Еремин был уже далеко: выскочив в окно, он скакал по крышам. Московские кровли издавали скрежещущий звук.
С крыши дома N 5 он видел город: приземистый, пустынный. Фронтоны, тени, дома доходные. Последний благовест, конец иллюзий.
– Прощай, Москва! – Еремин залез в чердачное окно, пробрался через рухлядь, бросил по пути пакет, по черной лестнице спустился вниз, и здесь его уже ждали.
– Ну что, дружок, долго от нас петлять будешь? – улыбнулся Оглобиньш, играя револьвером. Со связанными руками Еремин был отведен в ближайшее отделение ЧК. Допрос был короткий.
– Офицер?
– Офицер.
– Против советской власти?
– Да не то чтобы за.
– Сотрудничать с нами будете?
– Навряд ли.
– Все ясно. Распишитесь. Приговор будет приведен в исполнение.
– Когда?
– Завтра утром.
– Спасибо. Один вопрос.
– Говорите.
– Впрочем, нет. И так все ясно. – В графе «Понятые», он вспомнил, стояло четко: М. Логовая.
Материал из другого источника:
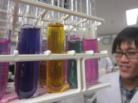 これは、片付けの風景です。カラフルな試験管の背景に微笑むM尾君の顔が・・・(^◇^)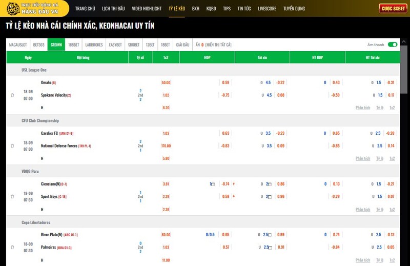 - Đa dạng thể loại kèo cược: Kèo tài xỉu (over/under), kèo châu Âu (1×2), kèo châu Á (handicap), kèo phạt góc, thậm chí cả kèo thẻ phạt cho các trận lớn.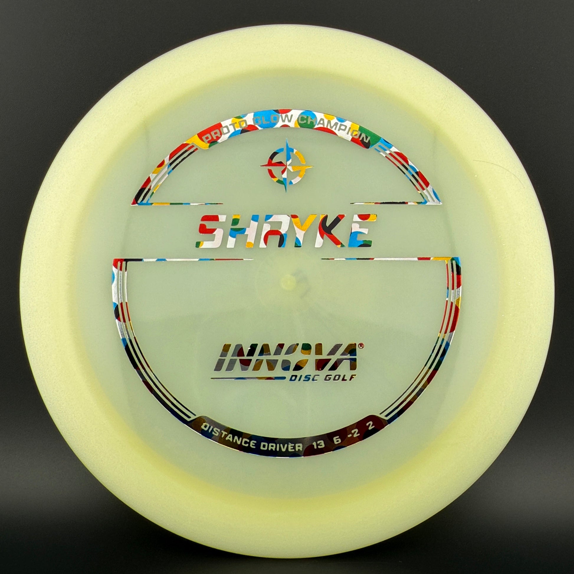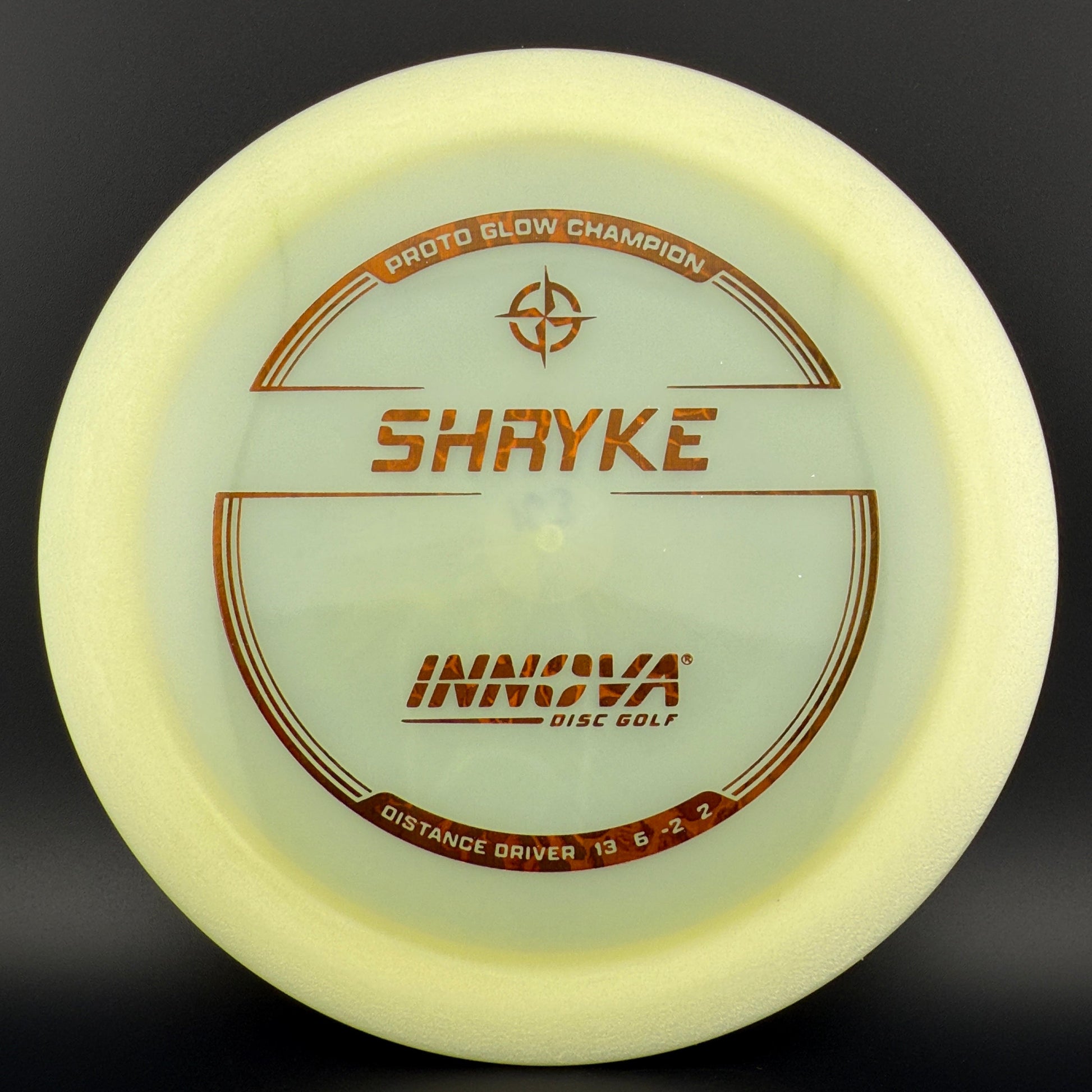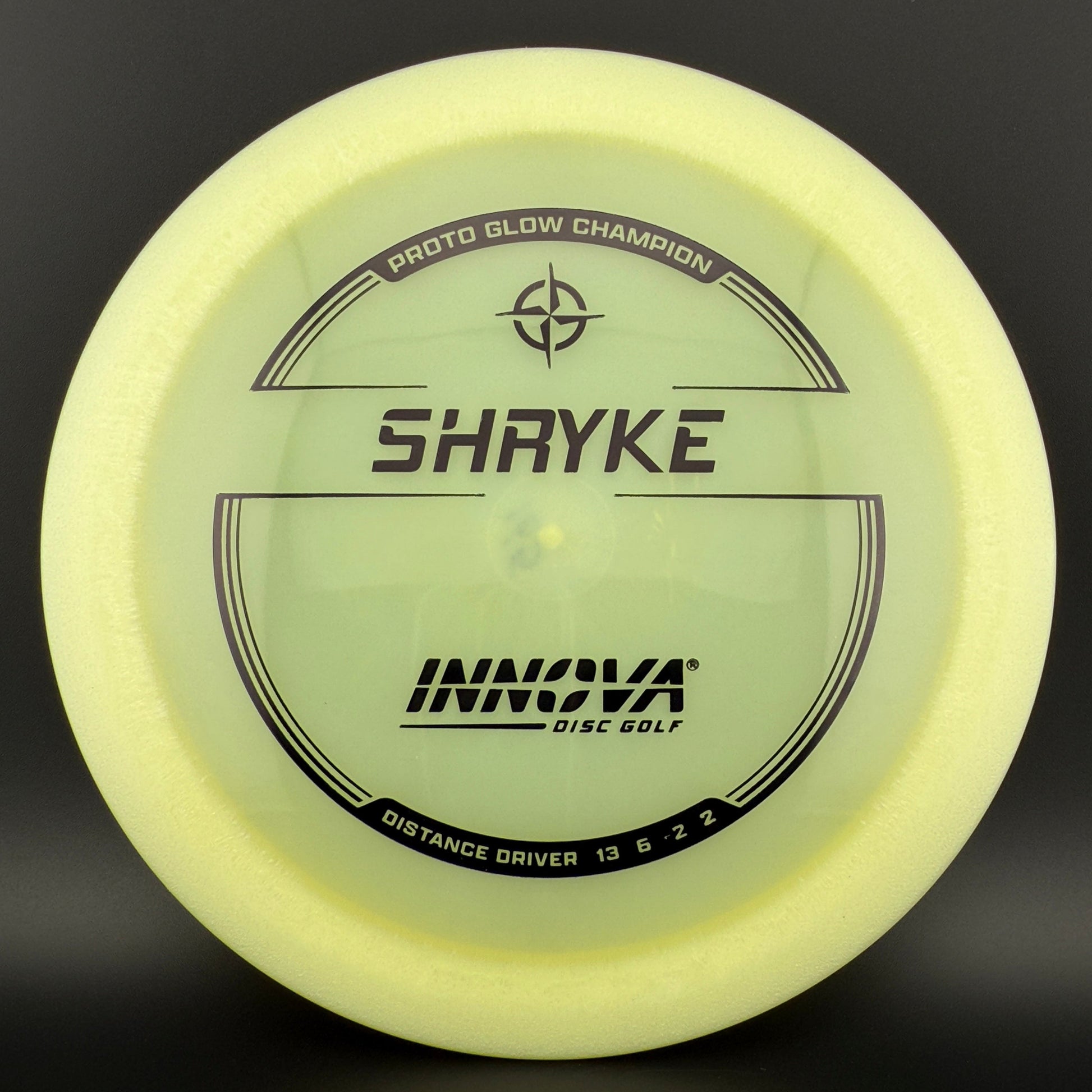 Proto Glow Champion plastic: Similar to Champion plastic in that it has smooth grip sufficient for mild, dry conditions. *Glow Champion plastic tends to be a tad softer than regular Champion discs. Champion plastic offers the least grip of Innova plastics. However, it rules the day (or night) in terms of durability.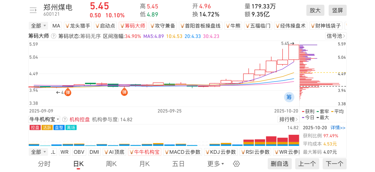 3)20251014-郑州煤电-【筹码大师】和【牛牛机构宝】-近期出现弹信号且底部量柱由绿转红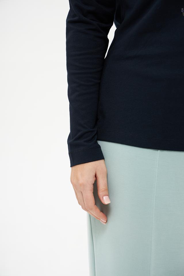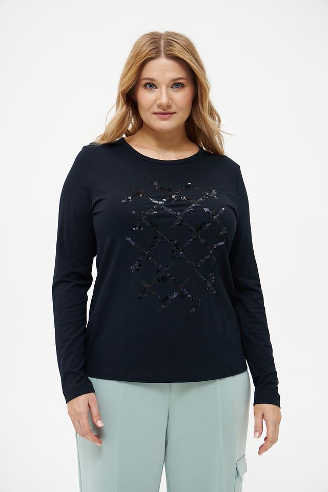 Модель имеет прямой крой и длинные рукава, что делает ее универсальной для разных сезонов. Особенностью футболки является декоративный узор из пайеток, расположенный на передней части, который придает образу изысканность и блеск.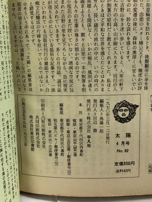 タイトル:太陽 ‘70 4 THE SUN no.82 特集 吉野と高野山 平凡社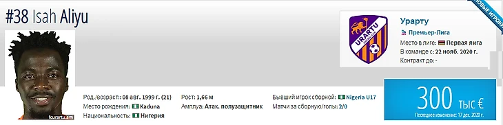 На второе место поставим атакующего полузащитника клуба Урарту. Да, игрок пришёл в клуб только в ноябре 2020 года, но успел уже провести несколько матчей. Он уже был знаком с армянской лигой, так как выступал здесь за клуб Лори. Летом 2019 года Альмерия заплатила за трансфера футболиста из Лори 140.000 евро и плюс 20% от следующего трансфера. А так как Альмерия впоследствии продала игрока за 400.000 евро, то Лори получил ещё 80.000 евро. В сумме более 200 тысяч евро. Из сильных качеств выделим технику, скорость, видение поля и передачи.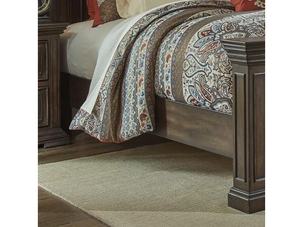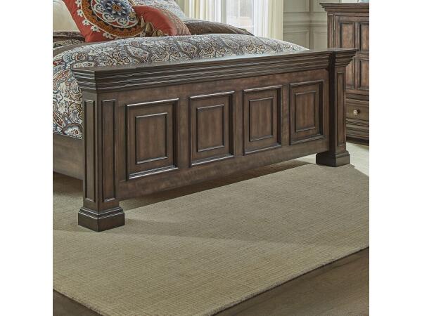 The Big Valley Queen mansion footboard is crafted from rubberwood solids with birch veneers and a distressed brownstone finish. It features a heavy top crown, raised panels with bead molding, large pilasters, square posts, and block feet.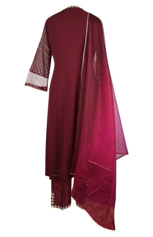 Ready To ShipGeorgette Suit With Tilla Embroidery - WINE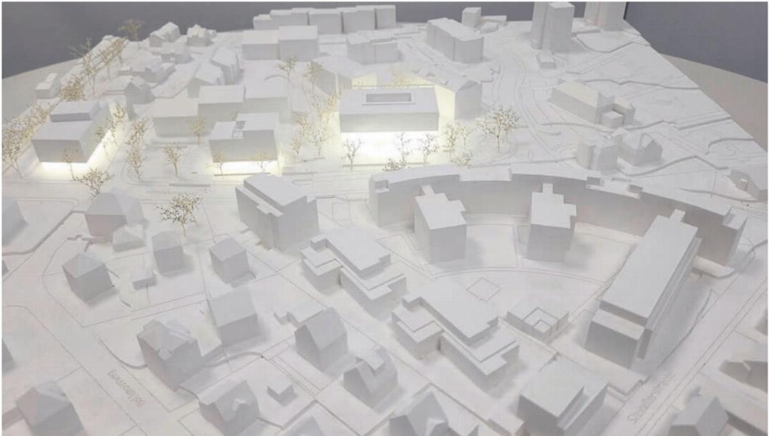 Das Projekt passt sich gut in die bestehende Umgebung ein. Das wird beim Blick auf das Modell besonders deutlich, dieses ist derzeit im Foyer des Gemeindehauses ausgestellt. Während das kleinere Gebäude sich an der Höhe der Nachbargebäude orientiert, übernimmt der zweite Bau die Höhe des bestehenden Bankgebäudes. Gemeinsam bilden die drei Bauten eine Einheit entlang der Friedhofstrasse und schaffen so eine Fortsetzung des Zentrums.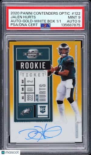 2020 Contenders Optic - Jalen Hurts - Gold Rookie Auto - 1 of 1 - PSA 9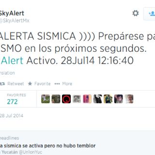 "Alerta sísmica. Prepárese para un sismo en los próximos segundos. #SkyAlert Activo. 28 Jul14 12:16:40".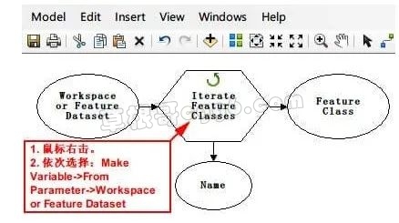 在ModelBuilder的主菜单中依次选择Insert->Iterators->Feature Classes,即可将迭代矢量数据的迭代器添加到工作区中。在Iterate Feature Classes上右击,依次选择Make Variable->From Parameter->Workspace or Feature Dataset,可以将输入矢量数据的变量显示在工作区中。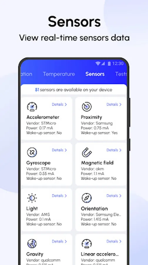 Look over all your device's sensor info, covering type, vendor, power, resolution, min delay, maximum range, reporting mode and more. View real-time data for accelerometer, proximity, gyroscope, magnetic field, light, orientation, etc.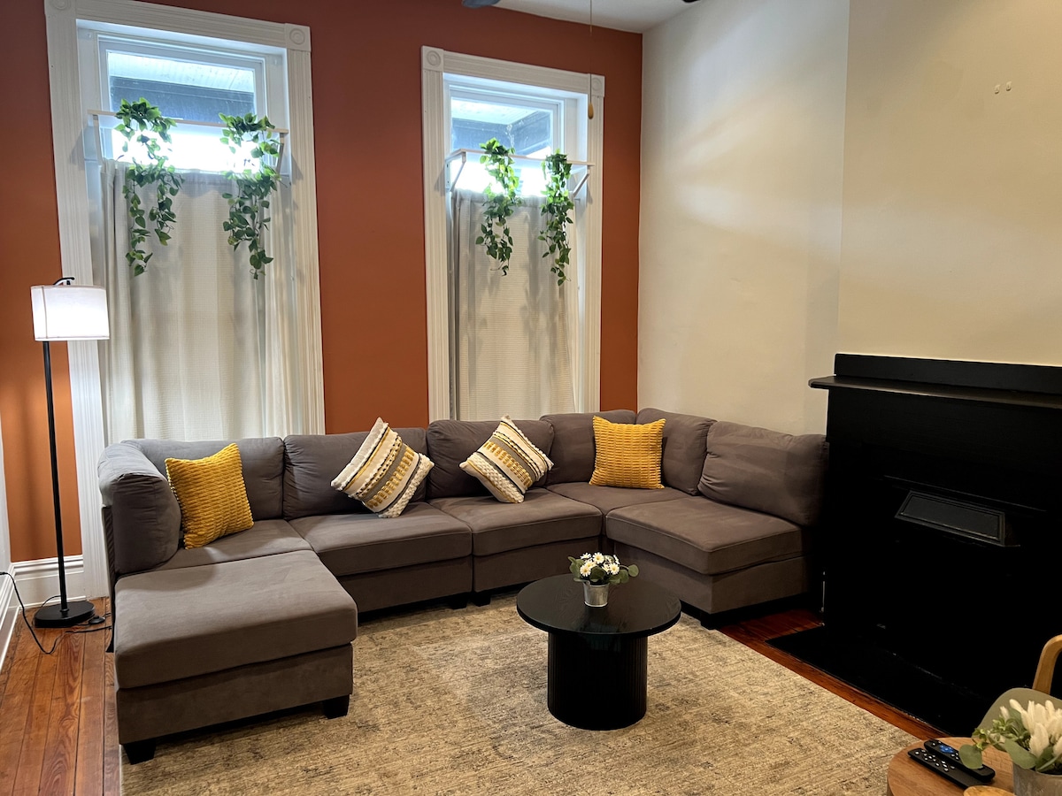Profitez de cet appartement élégant, spacieux et situé au centre de RVA ! Ce joyau d'une chambre dispose d'un lit King Size, d'un canapé-lit complet et d'un canapé-lit Queen Size, d'un écran de projection de 150 pouces connecté à des applications de streaming et d'une machine à pop-corn pour une expérience de soirée cinéma parfaite en famille et entre amis. Cet emplacement est à 4 minutes en voiture du centre-ville de RVA, à quelques minutes de Carytown, VCU, James River et Brown Island, Glen Allen, etc. ! Restaurants, bars sont à quelques minutes. Parking disponible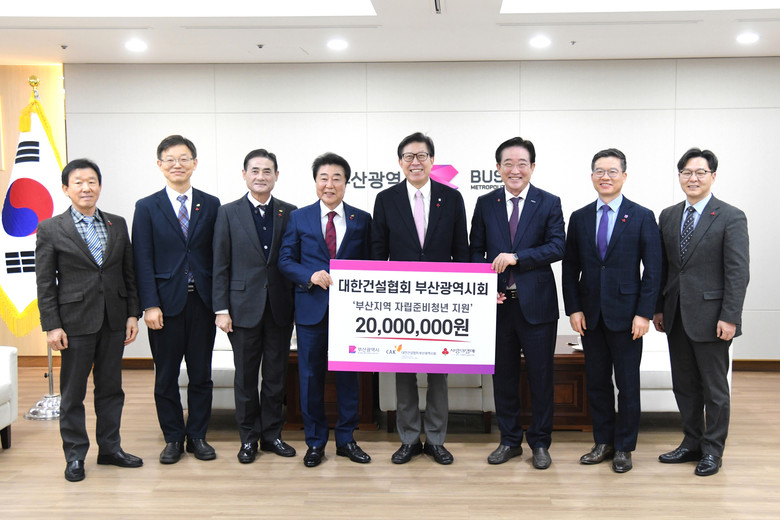 이번 성금 전달식은 대한건설협회 부산시회가 ‘부산광역시 보호아동 자립지원센터’ 사업지원을 통해 보호종료 후 5년 이내의 자립준비 청년들을 지원하기 위해 마련됐다.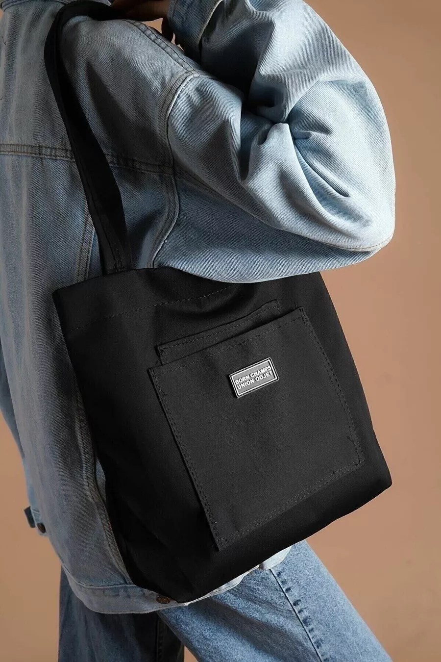Borsa da braccio e tracolla in tessuto morbido nero da donna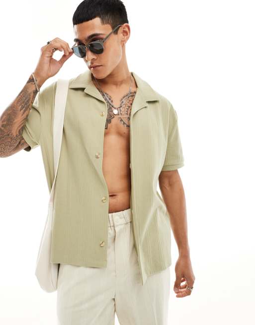 ASOS DESIGN - Afslappet skjorte med knapper i kakigrøn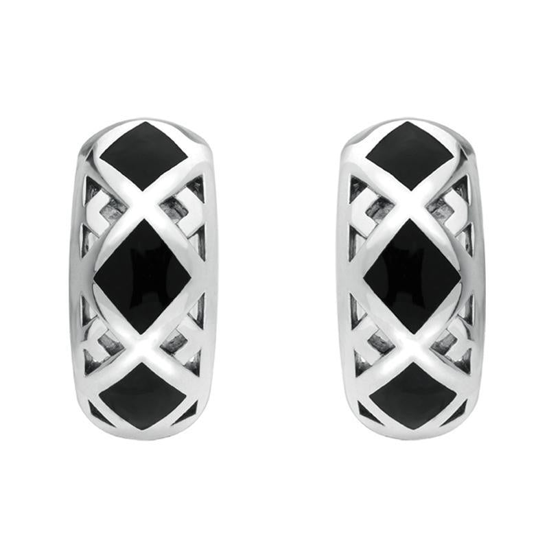 This beautiful three piece set has been created using a brilliant combination of solid sterling silver and the highest quality hand carved Whitby Jet. The geometric style of the pieces creates a brilliant contrast between the endless black of Whitby Jet and the bright shine of the silver. The layers of silver also add depth, and create an overall interesting and contemporary design. Comprising of a pair of hoop earrings, bracelet and necklace, complete with an 18 inch sterling silver chain. All items can be sold separately.

– Ну, если вопросов нет, то попрошу в камеру. Боец Махрютин!
Боец Махрютин, он же неунывающий солдат Егор, проводил поручика в камеру и запер за ним дверь. Подвал был глух и темен. В доброе старое время купец Томазин держал здесь доски и прочий пиломатериал.
Набралось их здесь человек пять. Взятых при различных обстоятельствах. Женщина в вуалетке, блатной матрос и кто-то непонятный. Веселый разговор. Сосед Еремина был маленький старик с курчавой бородой и в широкополой шляпе.
– Симеон Христофорыч, – представился он. – А вас как величать?
– Господин Никак.
– Очень хорошо.
– Чего ж хорошего?
– Что хоть в этой ситуации осознали вы свою исконную анонимность. Осторожно, не задуйте свечу.
– Огонь сей свечи, – сказал он погодя, – подобен свету души. Мерцает она во мраке. Но вот дунь, и нет ее.
– О чем это вы?
– Выпорхнет душа твоя из тяжелой телесной оболочки, оставит сей кровавый мир и, махнув на прощание крылышками, влетит в царство Божие, где всем мученикам за веру место полагается.
– В Рай, что ли?
– В Рай, вестимо.
– Ну, не знаю, Симеон Христофорыч. Война, победа большевизма, гибель России – все это ставит очень много вопросов. В том числе и о возможности существования Бога.
– Ставит, ставит, а ты не ставь! Оттого что ставишь, оттого и не видишь! Мы все ставили – и прогадали Россию. Теперь чего ж? О новом спасении молиться надо.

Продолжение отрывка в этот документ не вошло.